--- TRY IT ---
All of the records below must be output exactly, with no pictures carried over.
[INPUT RECORDS Boundary: Start]
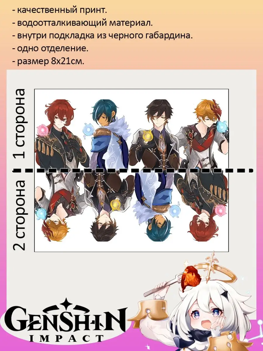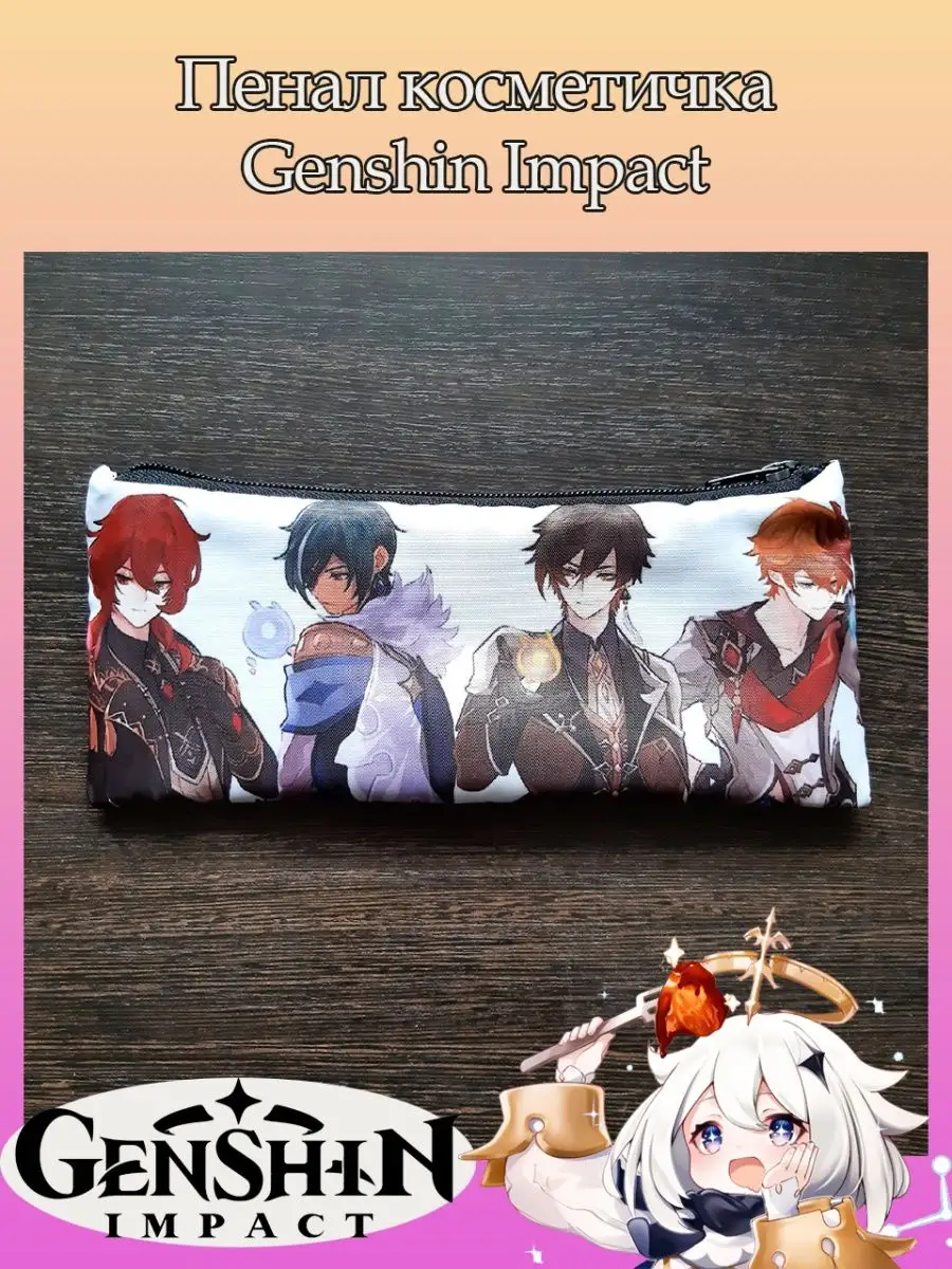 Пенал школьный с большой молнией и с одним вместительным отделением. Изображение из игры Геншин Импакт (Genshin Impact). Принт яркий и четкий, устойчивый к выцветанию и стирке.
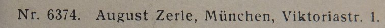 | Firmengeschichte | Die Firma scheint hauptsächlich von August Zerle geführt worden zu sein. In den frühen Jahren tritt parallel dazu ein K. Zerle in Erscheinung, was aber auch mit „Katholische Ansichtspostkartenhandlung Zerle“ aufgelöst werden könnte. Ansonsten scheint der Familienbetrieb mit zwei Geschäftszweigen vom Ehepaar August Zerle (Druckerei) und Rosa Zerle (Verlag) betrieben worden zu sein. Beide Kürzel existieren parallel, wobei Rosas Name nie ausgeschrieben erscheint. 1907: Erste mir bekannte Postkarte von K. Zerle Seit 1920: Die Firma annonciert als chemisches Labor, nicht aber zur fotografischen Entwicklung sondern Wanzen, Ratten und Mäuse vernichten zu können Juni 1921: Der Generalvertreter der Firma, Gustav Guffert, verstirbt plötzlich nach kurzer Krankheit. Er war scheinbar seit den Firmengründerjahren Teil der Belegschaft. 1925: August Zerle annonciert als „Größter Ansichtskartenverlag Südbayerns“. 1928: Die Firma Zerle inseriert im Branchenadressbuch für München: „Renommiertester Ansichtskartenverlag Südbayerns. Erstklassige Herstellung von Echt-Photokarten und Photobildern bis 24 × 30 in Auflagen ab 1000 Stück aufwärts.“ 1929: August Zerle annonciert auf der Suche nach Angestellten, die in Bayerns Bezirken als reisende Händler auf Provisionsbasis Postkarten verkaufen. 1932: Im Juli meldet die Graphische Kunstanstalt August Zerle Konkurs an. 1933: Unter der Firmenadresse Gabelsbergerstraße 30 gibt Rosa Zerle weiterhin Postkarten heraus. 1960er Jahre: In den frühen 60er Jahren scheint das Geschäft aufgegeben worden zu sein. |
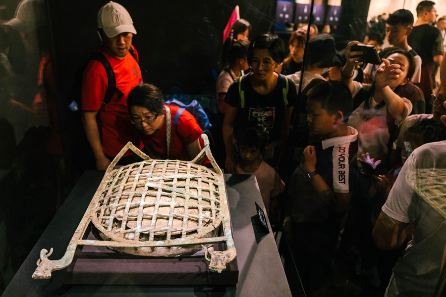 新館上新文物是最大亮點。此次新館開放,除了能看到青銅神樹等1986年出土的珍貴文物,還有600余件文物是首次和觀眾見面。6座新發(fā)現(xiàn)祭祀坑出土的300多件珍品,如3000年后再合體的青銅鳥足神像、“月光寶盒”青銅龜背形網(wǎng)格狀器、“出道即出圈”的扭頭跪坐人像、虎頭龍身像等重器悉數(shù)亮相。
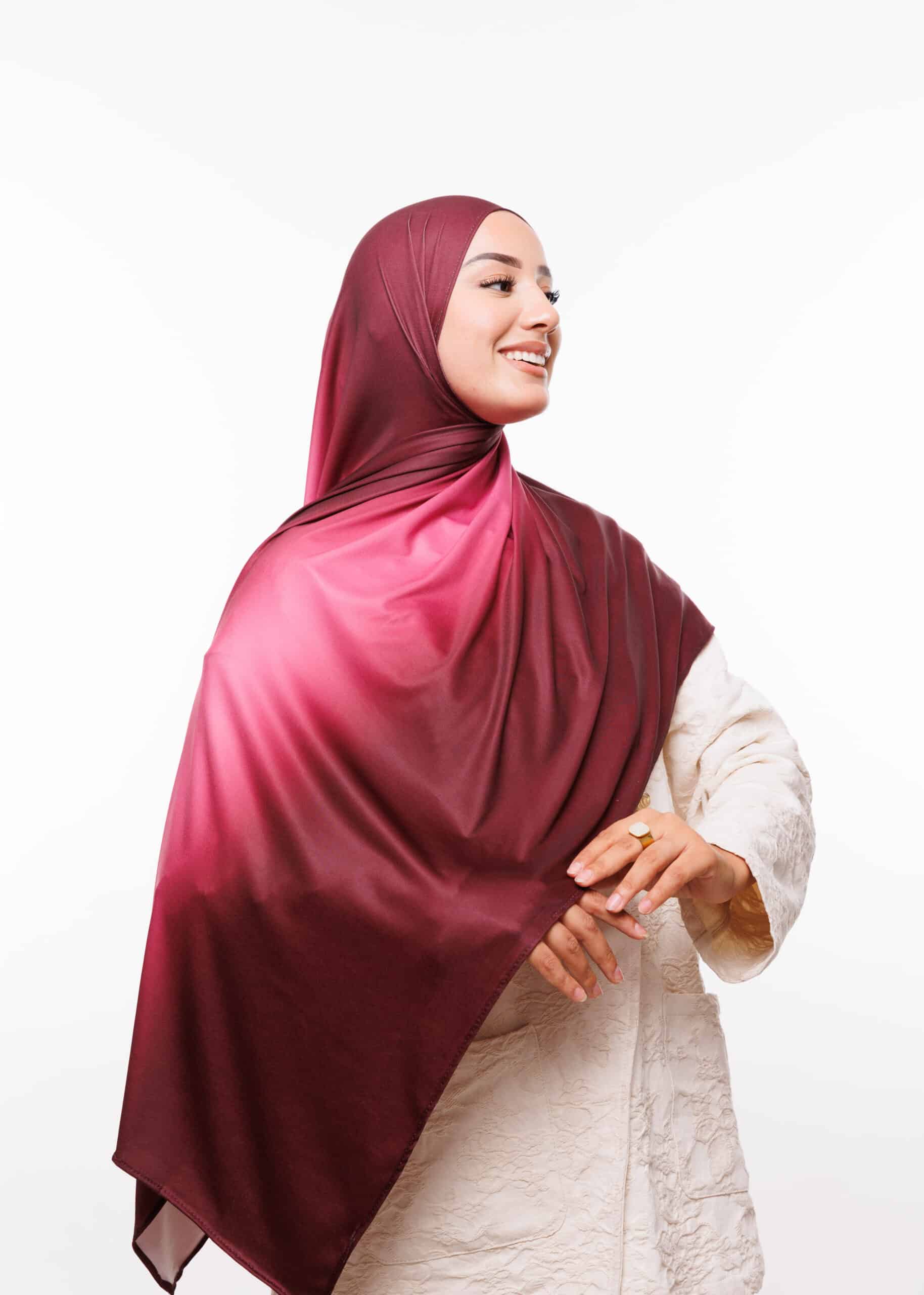 يمكنك ارتداء هذا الشال مع العبايات الخليجية، الفساتين الكاجوال، أو حتى الملابس الرسمية لإضفاء لمسة أنيقة. الألوان المتدرجة تمنحك مرونة أكبر في التنسيق مع مختلف قطع الملابس، مما يجعلها خيارك الأمثل للظهور دائماً بأناقة متجددة.
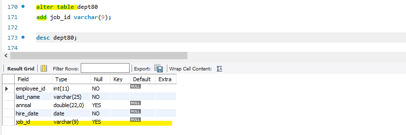 : 가장 마지막에 추가, dafault값이 null로 지정됨
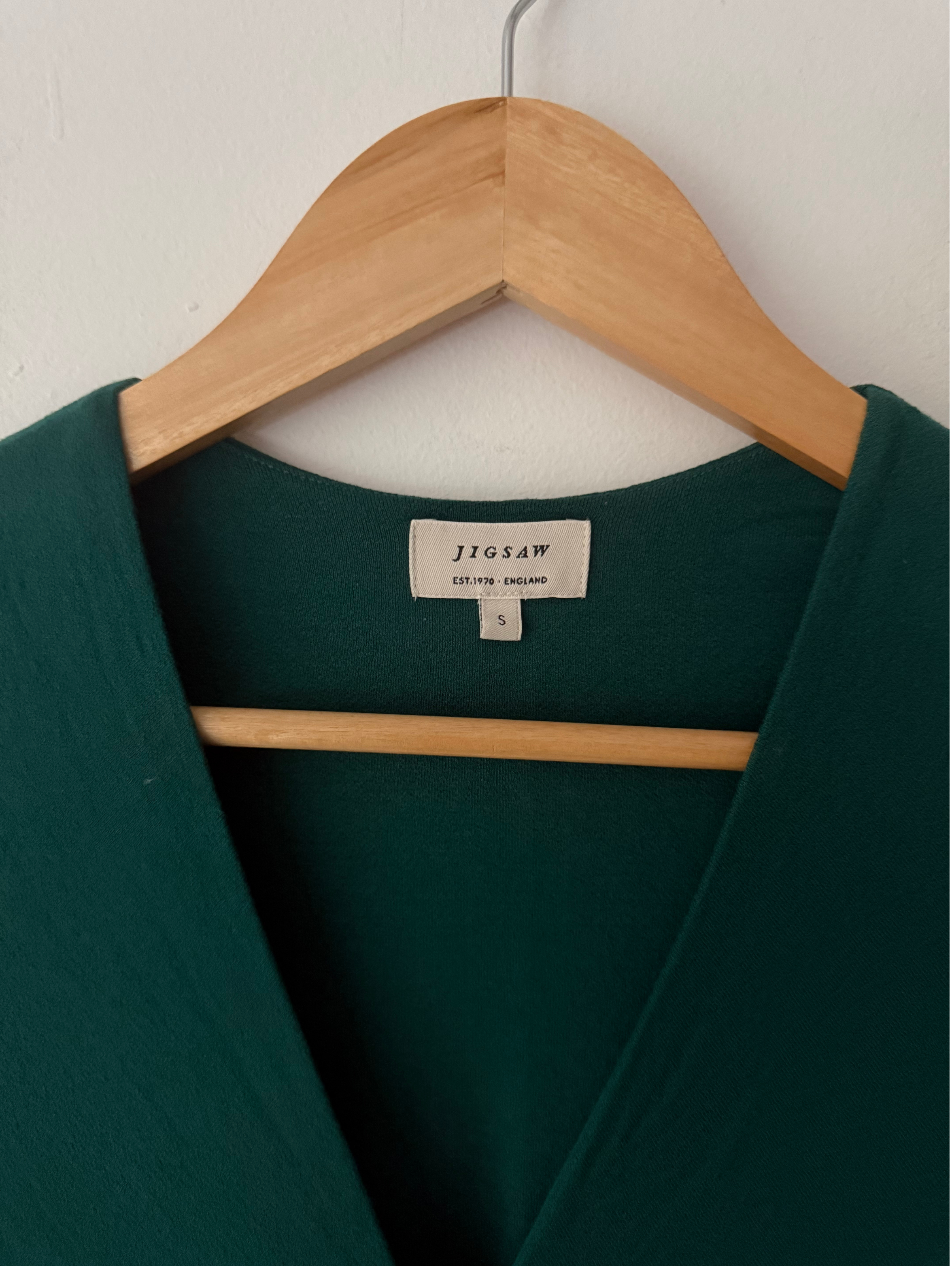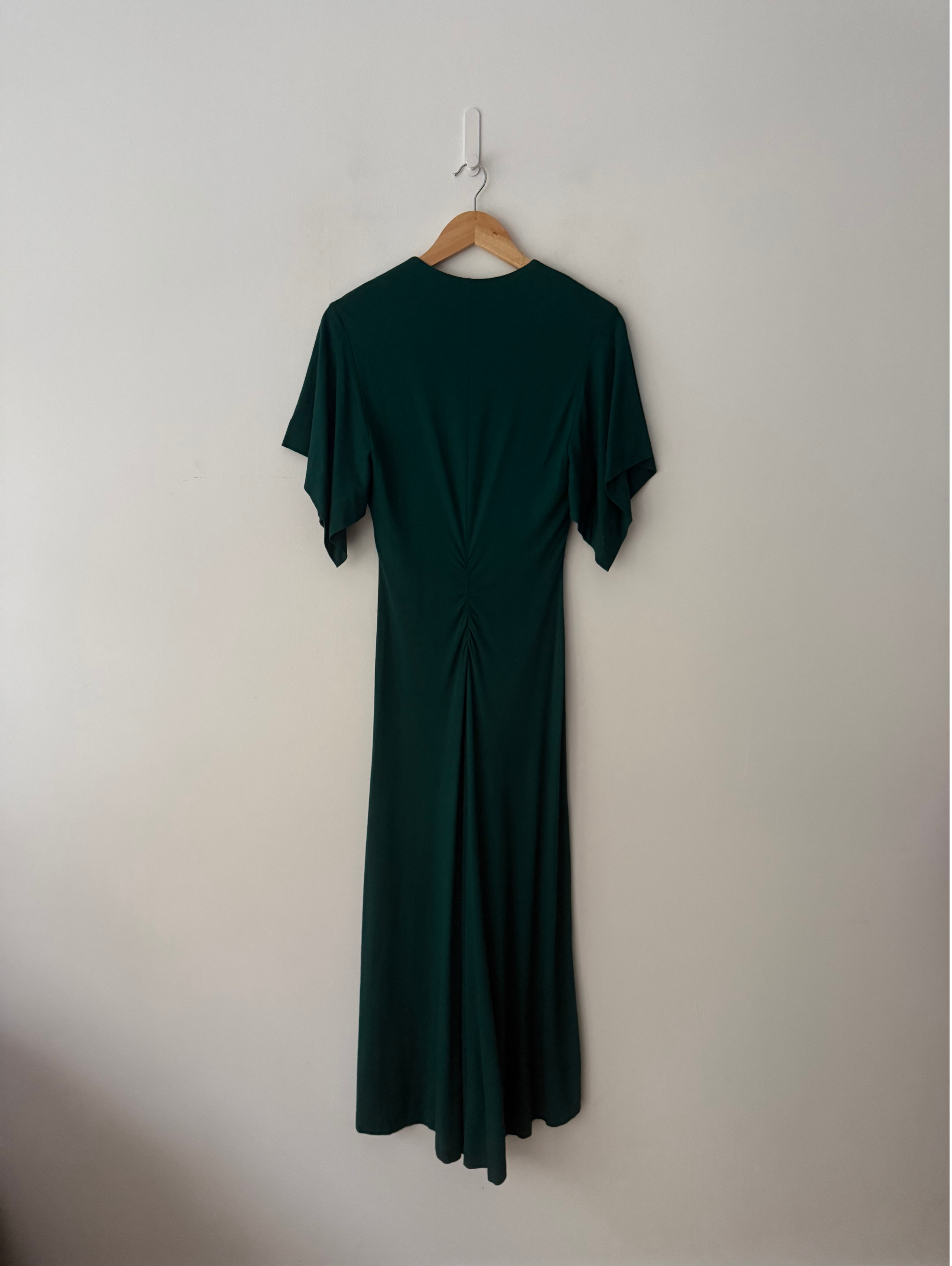 This midi dress is ready to grace your next event in a rich, emerald jewel tone. Soft jersey fabric hugs and flatters the body in all the right places, while ruched detail to the centre of the bodice and flutter sleeves frame this piece, whether worn in the day with flats or dressed up with heeled.
[INPUT RECORDS Boundary: End]
--- TASK OUTPUT ---
 Пенал школьный с большой молнией и с одним вместительным отделением. Изображение из игры Геншин Импакт (Genshin Impact). Принт яркий и четкий, устойчивый к выцветанию и стирке.
 | Firmengeschichte | Die Firma scheint hauptsächlich von August Zerle geführt worden zu sein. In den frühen Jahren tritt parallel dazu ein K. Zerle in Erscheinung, was aber auch mit „Katholische Ansichtspostkartenhandlung Zerle“ aufgelöst werden könnte. Ansonsten scheint der Familienbetrieb mit zwei Geschäftszweigen vom Ehepaar August Zerle (Druckerei) und Rosa Zerle (Verlag) betrieben worden zu sein. Beide Kürzel existieren parallel, wobei Rosas Name nie ausgeschrieben erscheint. 1907: Erste mir bekannte Postkarte von K. Zerle Seit 1920: Die Firma annonciert als chemisches Labor, nicht aber zur fotografischen Entwicklung sondern Wanzen, Ratten und Mäuse vernichten zu können Juni 1921: Der Generalvertreter der Firma, Gustav Guffert, verstirbt plötzlich nach kurzer Krankheit. Er war scheinbar seit den Firmengründerjahren Teil der Belegschaft. 1925: August Zerle annonciert als „Größter Ansichtskartenverlag Südbayerns“. 1928: Die Firma Zerle inseriert im Branchenadressbuch für München: „Renommiertester Ansichtskartenverlag Südbayerns. Erstklassige Herstellung von Echt-Photokarten und Photobildern bis 24 × 30 in Auflagen ab 1000 Stück aufwärts.“ 1929: August Zerle annonciert auf der Suche nach Angestellten, die in Bayerns Bezirken als reisende Händler auf Provisionsbasis Postkarten verkaufen. 1932: Im Juli meldet die Graphische Kunstanstalt August Zerle Konkurs an. 1933: Unter der Firmenadresse Gabelsbergerstraße 30 gibt Rosa Zerle weiterhin Postkarten heraus. 1960er Jahre: In den frühen 60er Jahren scheint das Geschäft aufgegeben worden zu sein. |
 新館上新文物是最大亮點。此次新館開放,除了能看到青銅神樹等1986年出土的珍貴文物,還有600余件文物是首次和觀眾見面。6座新發(fā)現(xiàn)祭祀坑出土的300多件珍品,如3000年后再合體的青銅鳥足神像、“月光寶盒”青銅龜背形網(wǎng)格狀器、“出道即出圈”的扭頭跪坐人像、虎頭龍身像等重器悉數(shù)亮相。
 يمكنك ارتداء هذا الشال مع العبايات الخليجية، الفساتين الكاجوال، أو حتى الملابس الرسمية لإضفاء لمسة أنيقة. الألوان المتدرجة تمنحك مرونة أكبر في التنسيق مع مختلف قطع الملابس، مما يجعلها خيارك الأمثل للظهور دائماً بأناقة متجددة.
 : 가장 마지막에 추가, dafault값이 null로 지정됨
 This midi dress is ready to grace your next event in a rich, emerald jewel tone. Soft jersey fabric hugs and flatters the body in all the right places, while ruched detail to the centre of the bodice and flutter sleeves frame this piece, whether worn in the day with flats or dressed up with heeled.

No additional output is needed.